## Work task
Print the listing in its entirety and exactly, leaving out images.

## Provided data

# # # # # # #

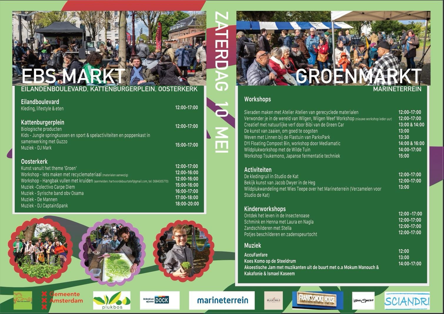 Zaterdag 10 mei barst het van de gezelligheid op de EBS Markt en Groenmarkt in Amsterdam! Ontdek duurzame workshops, kinderactiviteiten, live muziek, kunst, biologische producten en nog veel meer op het Eilandboulevard, Kattenburgerplein, Oosterkerk én Marineterrein.
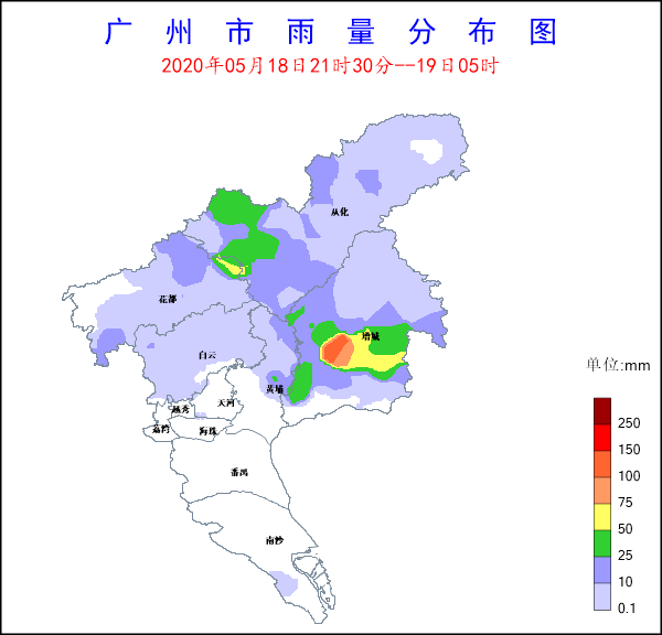 受高空波動和邊界層輻合線影響,18日21時30分起,雷雨云團在增城原地生成發(fā)展且穩(wěn)定少動,19日02時前后移至從化南部鰲頭鎮(zhèn)附近。據氣象-水文站監(jiān)測統(tǒng)計,18日21時30分至19日05時,增城、從化出現大到暴雨局部大暴雨,增城朱村街錄得最大累計雨量114毫米,從化鰲頭鎮(zhèn)錄得最大累計雨量40.3毫米,雨量較大站點還有:增城荔湖街83毫米,增城荔城街53.2毫米。
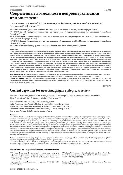 Карелова С.М., Копчак М.Я., Портнягина А.Л., Фефелова О.Н., Яковлева А.И., Исабекова А.Э., Раевский К.П., Оточкин В.В. Современные возможности нейровизуализации при эпилепсии. Consilium Medicum. 2025;27(11):1–5. DOI: 10.26442/20751753.2025.11.203358

# # # # # # #

## Response
 Zaterdag 10 mei barst het van de gezelligheid op de EBS Markt en Groenmarkt in Amsterdam! Ontdek duurzame workshops, kinderactiviteiten, live muziek, kunst, biologische producten en nog veel meer op het Eilandboulevard, Kattenburgerplein, Oosterkerk én Marineterrein.
 受高空波動和邊界層輻合線影響,18日21時30分起,雷雨云團在增城原地生成發(fā)展且穩(wěn)定少動,19日02時前后移至從化南部鰲頭鎮(zhèn)附近。據氣象-水文站監(jiān)測統(tǒng)計,18日21時30分至19日05時,增城、從化出現大到暴雨局部大暴雨,增城朱村街錄得最大累計雨量114毫米,從化鰲頭鎮(zhèn)錄得最大累計雨量40.3毫米,雨量較大站點還有:增城荔湖街83毫米,增城荔城街53.2毫米。
 Карелова С.М., Копчак М.Я., Портнягина А.Л., Фефелова О.Н., Яковлева А.И., Исабекова А.Э., Раевский К.П., Оточкин В.В. Современные возможности нейровизуализации при эпилепсии. Consilium Medicum. 2025;27(11):1–5. DOI: 10.26442/20751753.2025.11.203358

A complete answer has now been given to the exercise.